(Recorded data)
※ ※ ※

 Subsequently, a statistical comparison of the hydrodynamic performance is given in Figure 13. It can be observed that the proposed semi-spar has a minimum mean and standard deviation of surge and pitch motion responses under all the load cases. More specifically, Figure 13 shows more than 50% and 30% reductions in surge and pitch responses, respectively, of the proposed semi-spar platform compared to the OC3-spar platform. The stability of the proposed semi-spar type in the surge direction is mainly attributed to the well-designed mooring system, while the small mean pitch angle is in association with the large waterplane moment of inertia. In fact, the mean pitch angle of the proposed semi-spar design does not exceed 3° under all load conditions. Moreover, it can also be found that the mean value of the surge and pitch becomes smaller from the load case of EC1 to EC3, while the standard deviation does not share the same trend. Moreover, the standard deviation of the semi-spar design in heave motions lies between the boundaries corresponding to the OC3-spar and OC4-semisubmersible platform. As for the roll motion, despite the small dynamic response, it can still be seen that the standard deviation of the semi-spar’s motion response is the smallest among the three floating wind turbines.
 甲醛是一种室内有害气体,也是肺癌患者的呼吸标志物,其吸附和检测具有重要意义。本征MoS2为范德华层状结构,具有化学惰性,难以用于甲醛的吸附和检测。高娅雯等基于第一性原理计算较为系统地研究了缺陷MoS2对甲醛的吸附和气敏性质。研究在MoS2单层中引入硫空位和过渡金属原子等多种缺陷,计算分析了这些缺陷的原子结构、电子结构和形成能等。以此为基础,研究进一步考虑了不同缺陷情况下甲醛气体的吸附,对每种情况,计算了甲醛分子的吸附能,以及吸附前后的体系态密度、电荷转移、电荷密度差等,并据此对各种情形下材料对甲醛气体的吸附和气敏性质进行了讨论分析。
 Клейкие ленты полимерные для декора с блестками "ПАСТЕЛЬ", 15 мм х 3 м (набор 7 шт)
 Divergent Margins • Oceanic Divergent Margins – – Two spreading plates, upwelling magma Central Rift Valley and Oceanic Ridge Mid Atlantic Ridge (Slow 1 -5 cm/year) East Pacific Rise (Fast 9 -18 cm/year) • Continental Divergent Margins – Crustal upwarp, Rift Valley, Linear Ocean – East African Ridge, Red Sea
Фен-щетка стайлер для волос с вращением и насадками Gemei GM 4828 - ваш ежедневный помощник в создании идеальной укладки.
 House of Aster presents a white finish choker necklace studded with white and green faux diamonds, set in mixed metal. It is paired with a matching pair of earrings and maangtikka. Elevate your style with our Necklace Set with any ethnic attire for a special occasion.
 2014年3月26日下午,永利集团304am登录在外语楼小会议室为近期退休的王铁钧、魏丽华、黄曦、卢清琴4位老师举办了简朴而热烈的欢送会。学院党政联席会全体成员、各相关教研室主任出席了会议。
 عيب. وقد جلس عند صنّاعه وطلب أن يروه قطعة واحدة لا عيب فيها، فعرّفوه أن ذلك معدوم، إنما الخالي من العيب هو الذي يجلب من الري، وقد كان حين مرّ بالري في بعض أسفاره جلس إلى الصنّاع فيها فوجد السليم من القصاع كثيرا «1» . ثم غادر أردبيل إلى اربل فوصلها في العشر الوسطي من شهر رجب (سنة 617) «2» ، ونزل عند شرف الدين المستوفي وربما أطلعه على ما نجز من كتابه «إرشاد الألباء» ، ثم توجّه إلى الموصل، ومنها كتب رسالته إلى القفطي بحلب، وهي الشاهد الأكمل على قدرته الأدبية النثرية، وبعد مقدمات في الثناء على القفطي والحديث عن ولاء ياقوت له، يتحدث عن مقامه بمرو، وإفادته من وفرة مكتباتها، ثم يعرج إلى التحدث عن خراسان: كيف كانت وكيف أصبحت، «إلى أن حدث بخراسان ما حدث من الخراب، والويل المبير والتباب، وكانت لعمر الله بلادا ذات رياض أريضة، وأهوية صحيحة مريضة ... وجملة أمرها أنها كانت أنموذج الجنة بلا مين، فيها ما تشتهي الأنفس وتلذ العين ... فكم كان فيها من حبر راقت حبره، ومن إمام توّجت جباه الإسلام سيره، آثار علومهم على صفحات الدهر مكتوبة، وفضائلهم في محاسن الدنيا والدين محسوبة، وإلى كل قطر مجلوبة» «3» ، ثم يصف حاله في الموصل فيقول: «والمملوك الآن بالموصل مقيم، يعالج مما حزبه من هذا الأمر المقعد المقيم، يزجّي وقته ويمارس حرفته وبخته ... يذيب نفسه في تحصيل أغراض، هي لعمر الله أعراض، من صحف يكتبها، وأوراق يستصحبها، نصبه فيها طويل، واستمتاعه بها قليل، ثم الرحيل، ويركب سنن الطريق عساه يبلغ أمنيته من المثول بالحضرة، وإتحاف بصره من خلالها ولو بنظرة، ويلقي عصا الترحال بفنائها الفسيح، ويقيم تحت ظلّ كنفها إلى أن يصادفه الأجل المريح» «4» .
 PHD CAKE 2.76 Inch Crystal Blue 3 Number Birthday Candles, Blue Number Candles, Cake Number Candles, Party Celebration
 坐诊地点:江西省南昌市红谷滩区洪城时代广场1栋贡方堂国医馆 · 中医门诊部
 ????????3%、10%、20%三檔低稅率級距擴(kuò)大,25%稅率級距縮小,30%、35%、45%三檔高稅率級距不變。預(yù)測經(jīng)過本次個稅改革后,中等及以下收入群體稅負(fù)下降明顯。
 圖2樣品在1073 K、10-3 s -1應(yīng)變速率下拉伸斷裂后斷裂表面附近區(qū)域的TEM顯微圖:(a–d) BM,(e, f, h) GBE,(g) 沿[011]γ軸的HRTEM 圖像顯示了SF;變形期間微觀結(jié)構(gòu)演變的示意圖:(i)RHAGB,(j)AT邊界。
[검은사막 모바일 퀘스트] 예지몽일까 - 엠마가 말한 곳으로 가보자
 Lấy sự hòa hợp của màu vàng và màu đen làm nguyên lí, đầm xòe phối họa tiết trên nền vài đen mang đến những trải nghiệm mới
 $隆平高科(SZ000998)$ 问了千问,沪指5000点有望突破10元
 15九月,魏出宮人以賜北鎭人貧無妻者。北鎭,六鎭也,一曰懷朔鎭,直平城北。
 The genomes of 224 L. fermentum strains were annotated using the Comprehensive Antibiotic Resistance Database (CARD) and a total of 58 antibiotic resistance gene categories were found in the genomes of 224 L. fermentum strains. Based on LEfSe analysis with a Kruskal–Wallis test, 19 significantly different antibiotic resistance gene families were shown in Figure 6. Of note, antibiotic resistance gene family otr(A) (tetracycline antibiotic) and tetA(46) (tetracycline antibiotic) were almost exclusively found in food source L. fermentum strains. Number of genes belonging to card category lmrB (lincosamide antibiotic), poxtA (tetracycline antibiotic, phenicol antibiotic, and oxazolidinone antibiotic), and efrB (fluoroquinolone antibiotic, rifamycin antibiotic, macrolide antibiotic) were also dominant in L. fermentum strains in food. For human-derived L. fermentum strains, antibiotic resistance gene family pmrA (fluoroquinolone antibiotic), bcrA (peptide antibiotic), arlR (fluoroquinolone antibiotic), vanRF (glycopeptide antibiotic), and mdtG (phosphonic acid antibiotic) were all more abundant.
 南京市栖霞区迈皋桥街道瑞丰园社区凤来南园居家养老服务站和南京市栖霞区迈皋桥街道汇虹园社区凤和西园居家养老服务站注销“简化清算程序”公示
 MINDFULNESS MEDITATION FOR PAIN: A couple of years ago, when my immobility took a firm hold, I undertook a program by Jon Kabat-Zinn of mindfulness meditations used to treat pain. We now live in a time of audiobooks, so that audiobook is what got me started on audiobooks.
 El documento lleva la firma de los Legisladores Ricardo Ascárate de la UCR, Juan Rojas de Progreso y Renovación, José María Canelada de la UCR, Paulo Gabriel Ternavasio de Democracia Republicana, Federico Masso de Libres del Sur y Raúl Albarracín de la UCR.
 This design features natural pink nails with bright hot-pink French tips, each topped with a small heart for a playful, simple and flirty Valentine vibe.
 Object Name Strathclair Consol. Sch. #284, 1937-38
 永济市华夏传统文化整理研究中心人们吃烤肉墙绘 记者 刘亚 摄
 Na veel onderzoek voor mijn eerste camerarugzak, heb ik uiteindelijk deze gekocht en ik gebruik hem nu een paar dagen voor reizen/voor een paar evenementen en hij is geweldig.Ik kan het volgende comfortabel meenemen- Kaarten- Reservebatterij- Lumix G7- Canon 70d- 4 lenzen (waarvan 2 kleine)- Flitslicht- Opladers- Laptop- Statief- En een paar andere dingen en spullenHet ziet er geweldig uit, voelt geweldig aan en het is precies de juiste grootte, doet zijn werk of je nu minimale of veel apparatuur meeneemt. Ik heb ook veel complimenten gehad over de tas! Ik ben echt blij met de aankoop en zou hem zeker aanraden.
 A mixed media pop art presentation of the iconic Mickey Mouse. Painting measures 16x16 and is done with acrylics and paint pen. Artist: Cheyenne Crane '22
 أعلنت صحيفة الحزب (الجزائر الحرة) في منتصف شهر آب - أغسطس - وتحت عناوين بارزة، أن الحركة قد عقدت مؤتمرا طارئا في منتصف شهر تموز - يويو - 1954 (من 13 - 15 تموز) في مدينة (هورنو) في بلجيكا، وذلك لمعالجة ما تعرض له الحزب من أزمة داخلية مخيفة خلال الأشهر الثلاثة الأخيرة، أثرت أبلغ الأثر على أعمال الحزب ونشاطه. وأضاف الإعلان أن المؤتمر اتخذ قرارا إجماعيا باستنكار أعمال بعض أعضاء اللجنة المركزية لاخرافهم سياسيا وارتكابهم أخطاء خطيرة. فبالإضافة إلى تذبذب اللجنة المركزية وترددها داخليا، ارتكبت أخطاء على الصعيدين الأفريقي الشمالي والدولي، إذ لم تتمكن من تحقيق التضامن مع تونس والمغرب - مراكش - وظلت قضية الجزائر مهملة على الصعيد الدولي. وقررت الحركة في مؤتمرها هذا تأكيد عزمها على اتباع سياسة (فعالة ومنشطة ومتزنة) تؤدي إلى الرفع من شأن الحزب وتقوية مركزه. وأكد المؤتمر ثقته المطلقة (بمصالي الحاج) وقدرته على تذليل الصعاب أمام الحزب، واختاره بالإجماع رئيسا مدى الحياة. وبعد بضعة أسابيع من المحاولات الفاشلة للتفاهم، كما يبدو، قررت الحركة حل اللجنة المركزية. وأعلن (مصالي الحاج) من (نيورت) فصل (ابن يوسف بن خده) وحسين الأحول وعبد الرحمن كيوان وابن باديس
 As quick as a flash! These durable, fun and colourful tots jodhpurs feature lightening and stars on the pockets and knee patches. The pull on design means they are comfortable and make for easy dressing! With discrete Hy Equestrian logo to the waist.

※ ※ ※

Work instruction: Transcribe the records above from the line holding "[검은사막 모바일 퀘스트] 예지몽일까 - 엠마가 말한 곳으로 가보자" down to the line holding "15九月,魏出宮人以賜北鎭人貧無妻者。北鎭,六鎭也,一曰懷朔鎭,直平城北。", inclusive, without adding anything.

Solution to the exercise:
[검은사막 모바일 퀘스트] 예지몽일까 - 엠마가 말한 곳으로 가보자
 Lấy sự hòa hợp của màu vàng và màu đen làm nguyên lí, đầm xòe phối họa tiết trên nền vài đen mang đến những trải nghiệm mới
 $隆平高科(SZ000998)$ 问了千问,沪指5000点有望突破10元
 15九月,魏出宮人以賜北鎭人貧無妻者。北鎭,六鎭也,一曰懷朔鎭,直平城北。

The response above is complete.